TASK TO COMPLETE:
An exact repetition of the data below, without images, is the expected answer.

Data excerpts
--- START ---

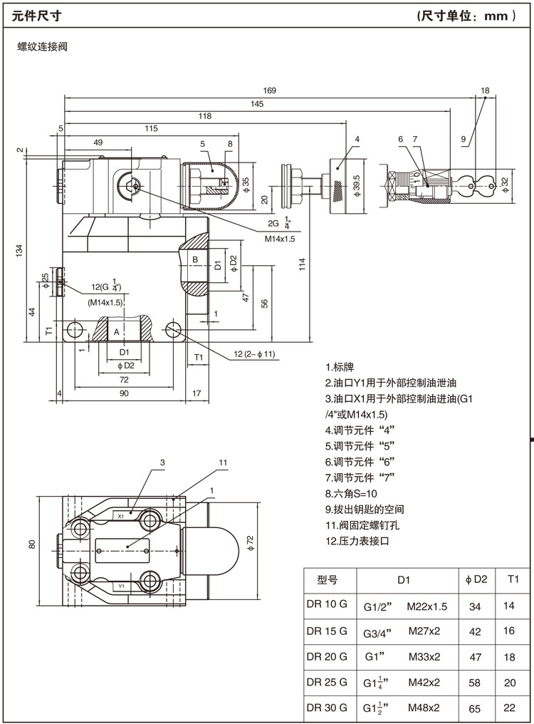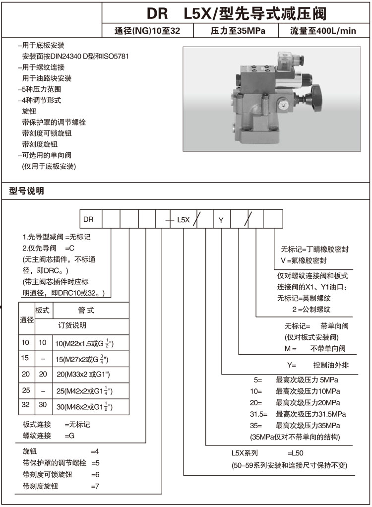 DR10,DR20,DR30,DR10G,DR15G,DR20G,DR25G,DR30G,DR104-L5X/5,先導(dǎo)式減壓閥 |
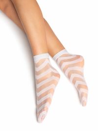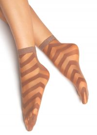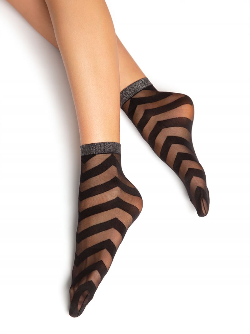 Женские носочки с рисунком в виде полосок и резинкой дополненной люрексом (с мерцающим блеском). Прозрачные, с гладким шелковистым эффектом. Свободного размера (один универсальный размер). 1 пара в упаковке. Носочки классической длины (выше щиколотки). С резинкой шириной 2.0 см. Не формованные.
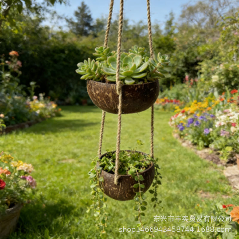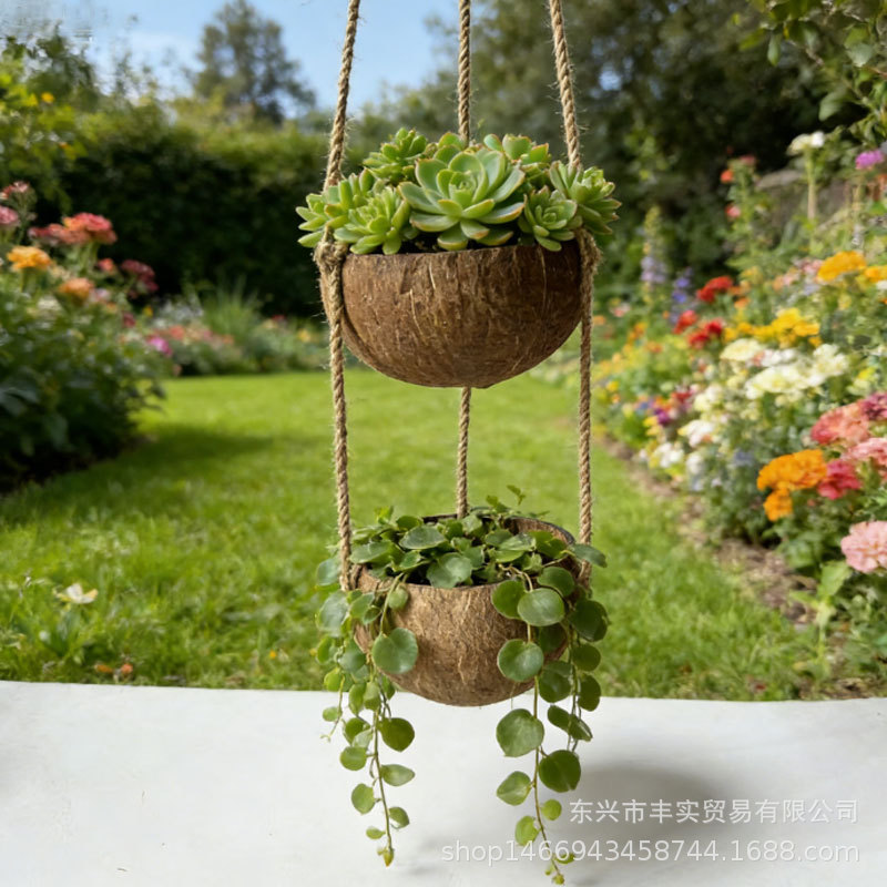 아마존 전자 상거래 선택 창조적 인 천연 코코넛 껍질 식물 냄비 끈 블루 가정 장식 교수형 접시
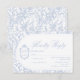 Light delft blue floral RSVP response card, designed in a refined blend of chinoiserie and French toile de Jouy style. The soft botanical illustrations frame an arched layout featuring an elegant wedding crest monogram, perfect for couples who love vintage, historic, and European-inspired aesthetics. Classic script typography pairs beautifully with the ceramic-blue palette, making this design an effortless nod to the tradition of “something blue.” Fully customizable with your RSVP date, guest name and menu choice, it’s an exquisite choice for any romantic or sophisticated wedding theme.
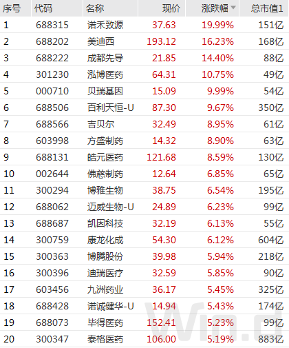 从涨幅居首的生物制药板块来看,诺禾致源、美迪西、成都先导、泓博医药、贝瑞基因等个股涨停或涨幅超10%,百利天恒-U、吉贝尔、方盛制药、皓元医药、佛慈制药、博雅生物、迈威生物-U、凯因科技、康龙化成、等个股亦大幅拉升。
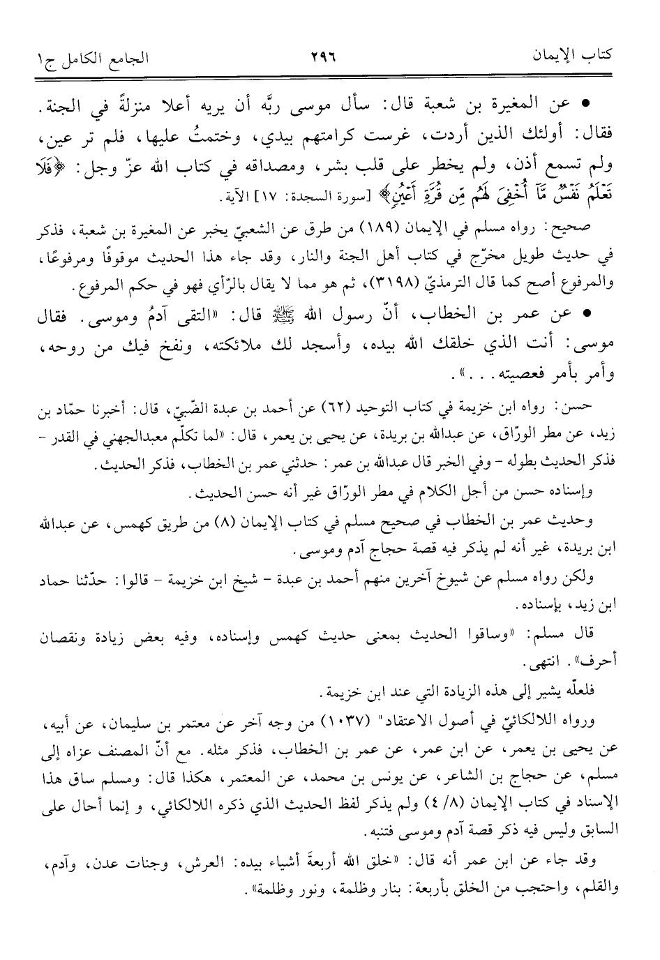 وحديث عمر بن الخطاب في صحيح مسلم في كتاب الإيمان (٨) من طريق كهمس، عن عبد اللَّه ابن بريدة، غير أنه لم يذكر فيه قصة حجاج آدم وموسى.
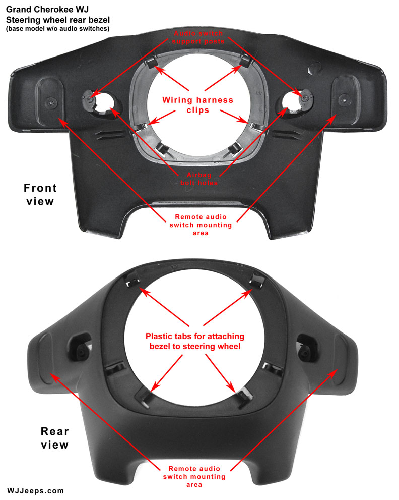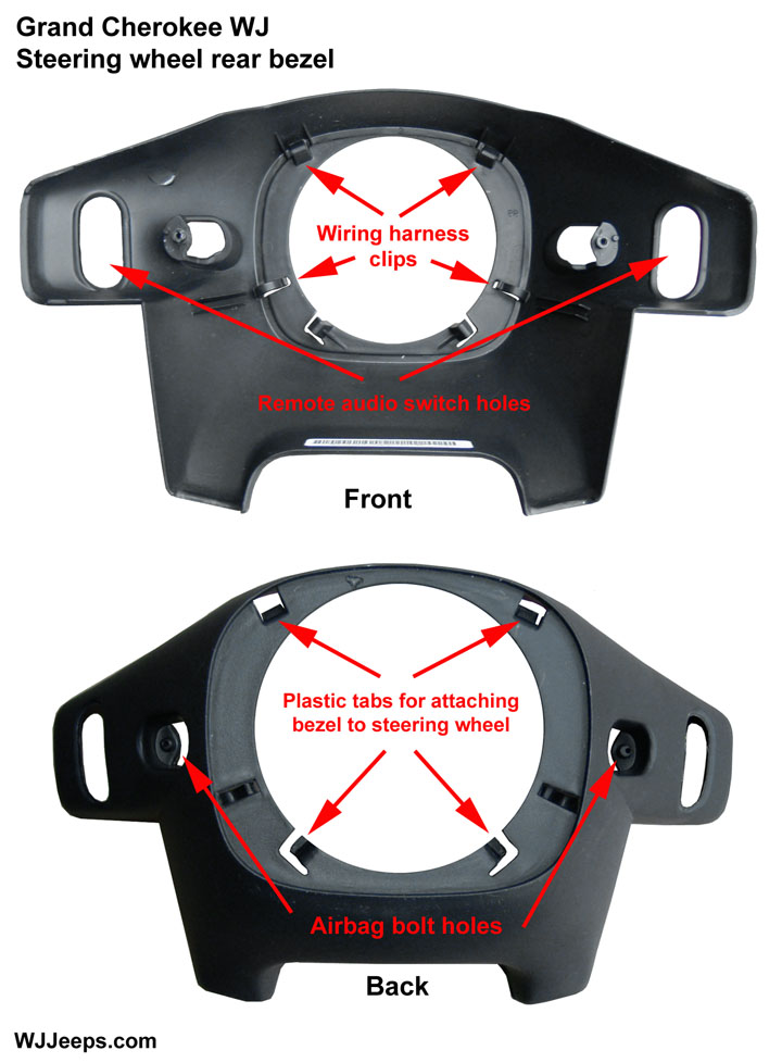 This method does not require removal of the steering wheel and uses the existing factory steering wheel bezel. The bezels for most (if not all) WJ's that come without the remote radio switch option have an indentation area marked where the switches mount. This area will need to be drilled out with a dremel or other cutting tool.

--- END ---

COMPLETED EXERCISE:
 DR10,DR20,DR30,DR10G,DR15G,DR20G,DR25G,DR30G,DR104-L5X/5,先導(dǎo)式減壓閥 |
 Женские носочки с рисунком в виде полосок и резинкой дополненной люрексом (с мерцающим блеском). Прозрачные, с гладким шелковистым эффектом. Свободного размера (один универсальный размер). 1 пара в упаковке. Носочки классической длины (выше щиколотки). С резинкой шириной 2.0 см. Не формованные.
 아마존 전자 상거래 선택 창조적 인 천연 코코넛 껍질 식물 냄비 끈 블루 가정 장식 교수형 접시
 Light delft blue floral RSVP response card, designed in a refined blend of chinoiserie and French toile de Jouy style. The soft botanical illustrations frame an arched layout featuring an elegant wedding crest monogram, perfect for couples who love vintage, historic, and European-inspired aesthetics. Classic script typography pairs beautifully with the ceramic-blue palette, making this design an effortless nod to the tradition of “something blue.” Fully customizable with your RSVP date, guest name and menu choice, it’s an exquisite choice for any romantic or sophisticated wedding theme.
 从涨幅居首的生物制药板块来看,诺禾致源、美迪西、成都先导、泓博医药、贝瑞基因等个股涨停或涨幅超10%,百利天恒-U、吉贝尔、方盛制药、皓元医药、佛慈制药、博雅生物、迈威生物-U、凯因科技、康龙化成、等个股亦大幅拉升。
 وحديث عمر بن الخطاب في صحيح مسلم في كتاب الإيمان (٨) من طريق كهمس، عن عبد اللَّه ابن بريدة، غير أنه لم يذكر فيه قصة حجاج آدم وموسى.
 This method does not require removal of the steering wheel and uses the existing factory steering wheel bezel. The bezels for most (if not all) WJ's that come without the remote radio switch option have an indentation area marked where the switches mount. This area will need to be drilled out with a dremel or other cutting tool.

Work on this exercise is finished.